Giambrone currently represents 1826 claimants in the TelexFree class action, of which 1500 clients had their claims approved. “After six years of legal wrangling, people who fell prey to the $3 billion TelexFree pyramid scheme will get some of their money back” commented Gabriele Giambrone, the firm’s Managing Partner who has personally supervised the action since 2014, “the court’s ruling is a milestone in a complicated case with victims in Italy, Europe, Brazil and around the globe”
Most of the money for the pay-outs came from the liquidation of TelexFree assets seized by the Justice Department in 2014. The approval of Darr’s plan was delayed by a protracted fight between the Internal Revenue Service (IRS) and the trustees over taxes owed to the U.S. government.
TelexFree initially sold Internet phone-service plans but devolved into what is commonly known as a pyramid scheme, similar in some respects to a Ponzi scheme. Most of its money came from participants who were persuaded to buy memberships — essentially small investment accounts — with the promise of large returns, ostensibly for posting TelexFree ads on the Internet.

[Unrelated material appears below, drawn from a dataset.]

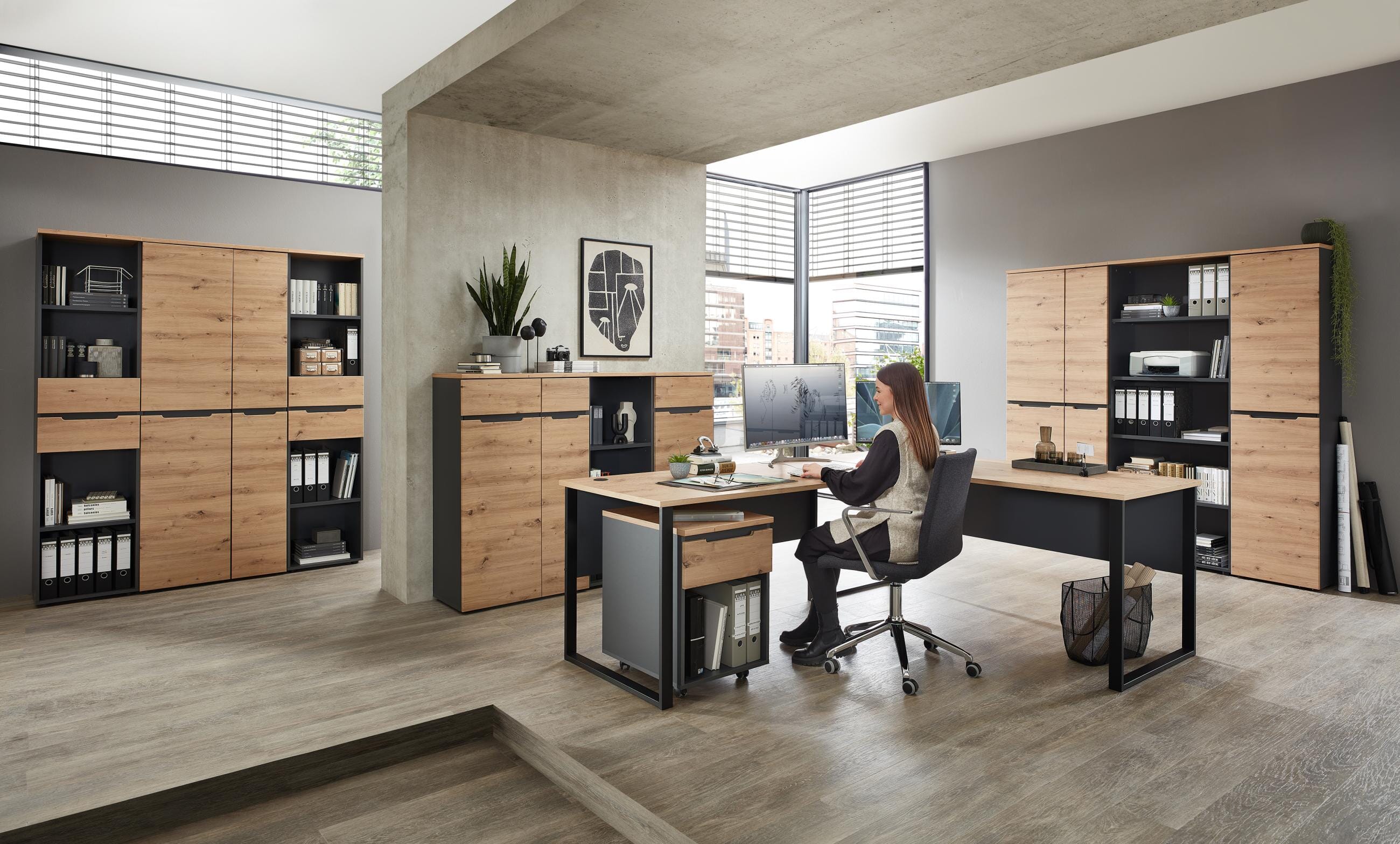 Das Büroregal MEMPHIS mit Oberboden in Artisan Eiche Nachbildung und Korpus in Graphit ist ein absolutes Highlight für Ihr Büro, die Farbgebung wirkt modern und natürlich zugleich.

Members received credits to their accounts for the ad postings, which prosecutors said were seen by very few people, and bonuses for recruiting new participants. Early participants were able to cash in their credits, which lured others to put money in. The scheme’s existing participants are paid out with the money received from new participants. Ponzi schemes depend on the recruitment of more and more participants to fund the pay-outs and inevitably such schemes are no longer viable. The scheme collapsed in 2014 when TelexFree couldn’t bring in enough new money to pay the credits and bonuses.
The company was started in Brazil and operated in Marlborough in 2013 and 2014. It recruited many of its Massachusetts members from the Brazilian and Dominican communities. Nearly one million people lost money as an estimated $3 billion flowed between multiple levels of investors and the company, prosecutors said.
James Merrill, a former cleaning company owner who became president of TelexFree, pleaded guilty to multiple counts of wire fraud in October 2016 and agreed to turn over $140 million in assets. He was sentenced to six years in prison and three years of supervised release.
Merrill’s business partner, Carlos Wanzeler, fled to Brazil after charges were filed against him, and the United States has been attempting to extradite him. Prosecutors said at the time that Wanzeler was sending people to the Boston area to pick up some $40 million he had left there. Rocha led authorities to $17.5 million in cash stored in a bed’s box spring in Westborough.
Rocha was sentenced to 33 months in prison and one year of supervised release after pleading guilty to one count of conspiring to commit money laundering and one count of money laundering.